Would you guy's mind taking a few minute to give me a some pointers on filling voids with CA glue. 
My questions are;
1- What Brand 
2- When should it be applied
3- What makes a good applicator
4- Will it penetrate softer woods leaving a "stain"
5- Safe for use on stabilized woods
6- Can it be finished, buffed, polished.. etc

I am sure there are more questions I should ask so any further input is greatly appreciated.
Mike


----------



## kalaeb (Sep 18, 2011)

I have been using Gorilla glue 5 min clear epoxy. it does not shrink and polishes well.I usually mix it with some saw dust for color and unless there are large gaps, it is hard to detect.


----------



## PierreRodrigue (Sep 21, 2011)

Ca glues are quite simple. Application right out of the tube, apply after final shapeing, before finish sanding. As for brand, any model/hobby shop will carry a good glue. Zap A Gap is great, as is Hot Stuff. if you need it to penetrate to fill thin deep cracks, use a thin viscosity glue, for pits and holes, use a thicker glue.

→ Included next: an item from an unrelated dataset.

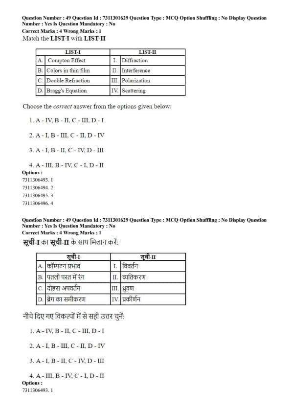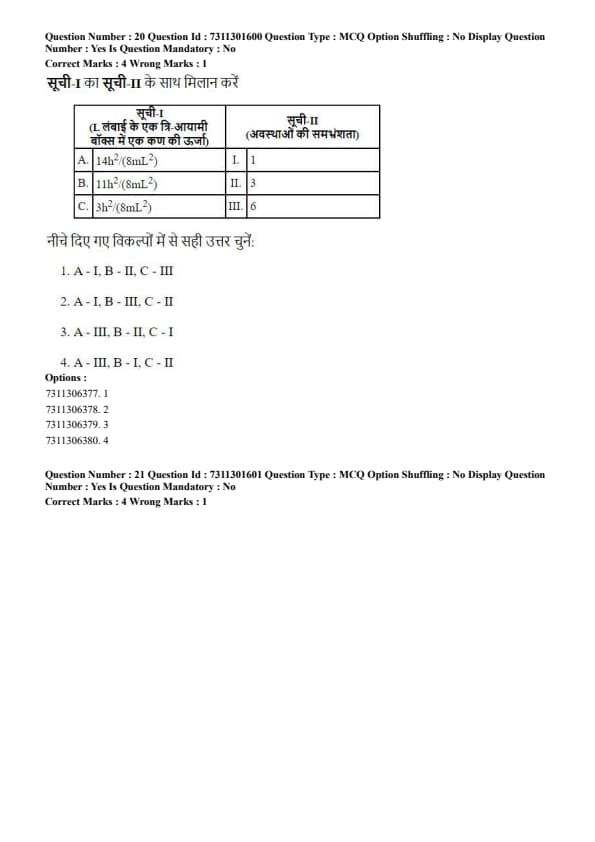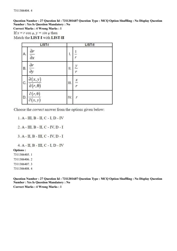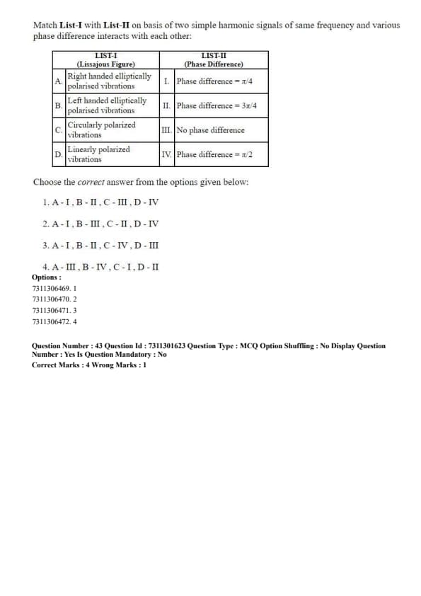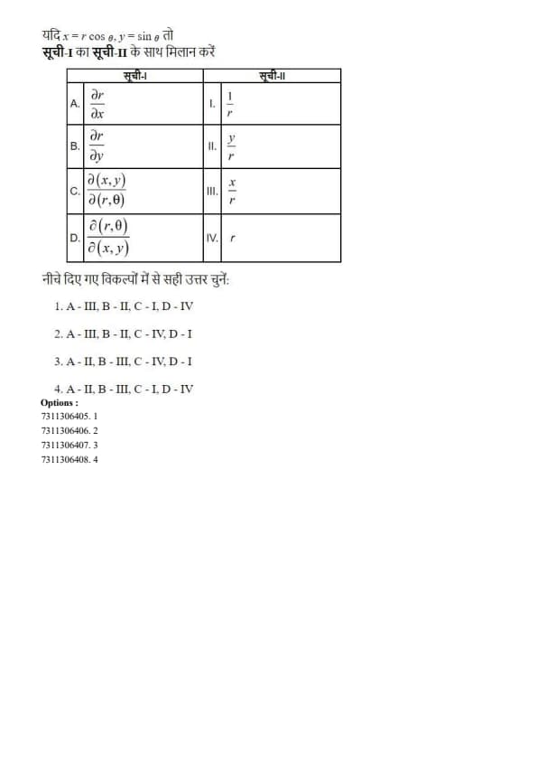 - Option (4) has A\(\rightarrow\)III, which is incorrect.

It won't stain, but will leave a shiny spot after buffing, if there is no other finish applied. It is safe for stabilized woods. polishes up like a mirror. Some use it for a total surface treatment, several thin coats then sanded in between applications, and buff.


----------



## mhenry (Sep 21, 2011)

PierreRodrigue said:


> Ca glues are quite simple. Application right out of the tube, apply after final shapeing, before finish sanding. As for brand, any model/hobby shop will carry a good glue. Zap A Gap is great, as is Hot Stuff. if you need it to penetrate to fill thin deep cracks, use a thin viscosity glue, for pits and holes, use a thicker glue. It won't stain, but will leave a shiny spot after buffing, if there is no other finish applied. It is safe for stabilized woods. polishes up like a mirror. Some use it for a total surface treatment, several thin coats then sanded in between applications, and buff.



Pierre,Thanks and Happy B-Day


----------



## SpikeC (Sep 21, 2011)

Just don't use a paper towel to apply. Fumes galore.


----------